One time in my junior English class, our teacher asked us what some of the traits our friends had to have in order to be our friends. She asked me directly what one of those traits had to be. My answer- which didn't go over very well with my peers-was that my "friends" had to have a certain level of intelligence.

One of the girls in my class-immediately after my response- said that she didn't have any criteria for her friends, that all they had to be was honest, trustworthy, have mutual interests and be a good friend, that she didn't care how intelligent her friends were.
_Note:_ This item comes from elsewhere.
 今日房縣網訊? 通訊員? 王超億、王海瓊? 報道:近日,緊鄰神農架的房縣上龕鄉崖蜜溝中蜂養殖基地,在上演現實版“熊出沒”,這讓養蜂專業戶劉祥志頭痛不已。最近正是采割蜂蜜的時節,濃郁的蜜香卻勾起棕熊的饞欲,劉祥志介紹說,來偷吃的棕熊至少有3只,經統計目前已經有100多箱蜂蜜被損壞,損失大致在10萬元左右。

After class, when I thought about what she had said, I found her comment to be somewhat hypocritical. OF COURSE we all have "criteria" for our friends! I mean, I may be taking it to extremes, but I'm sure one of her criteria was that her friends not be constant drunks or a drug dealers. And knowing her in the superficial way I did, I'm sure part of her "criteria" was that her friends not be lazy and be involved in school, whether in ASB or in sports or simply in school activities. I don't mean to sound snobby, but let's face it, we all have our list of qualities we look for in the people we interact with.
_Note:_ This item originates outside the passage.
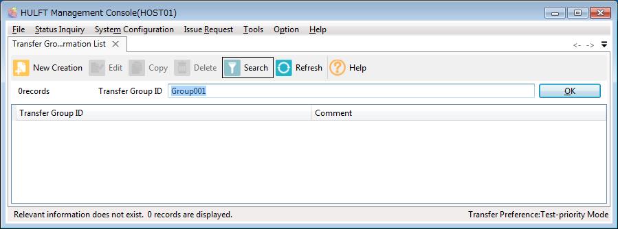 On the HULFT Management Console, Click System Configuration > Transfer Group Information. The Transfer Group Information List screen appears.

So this weekend I was trying to figure out exactly why I place so much importance on intelligence. Truth of the matter was that I simply could not come up with an answer. The more "answers" I came up with, the more confused I was. I was, however, able to put some thoughts together.

I think I look for a certain level of intelligence because it gives me and my friends topics to talk about that we find equally interesting and that, possible, we are equally knowledgeable in. Sure, I talk about television-though only of three shows- and sure I may know a thing or two about the life of celebrities, but at the end of the day the must fulfilling conversation I’ll have will deal with the proof of a theorem, the physics of the universe, or an interpretation of a story...and it can sometimes be difficult to find someone who is able to carry on a conversation about the above. And, of course, about the other person’s goals and ambitions are. I suppose what I’m trying to say is that, while some people may find it more interesting to talk about sports (big tennis fanatic, by the way) or the happenings around school or the latest break up, I’m more interested in stuff that other people would just find dull or unappealing (like the proof of a theorem).

Ending with this thought, maybe my peer is right, it’s mainly a matter of mutual interests...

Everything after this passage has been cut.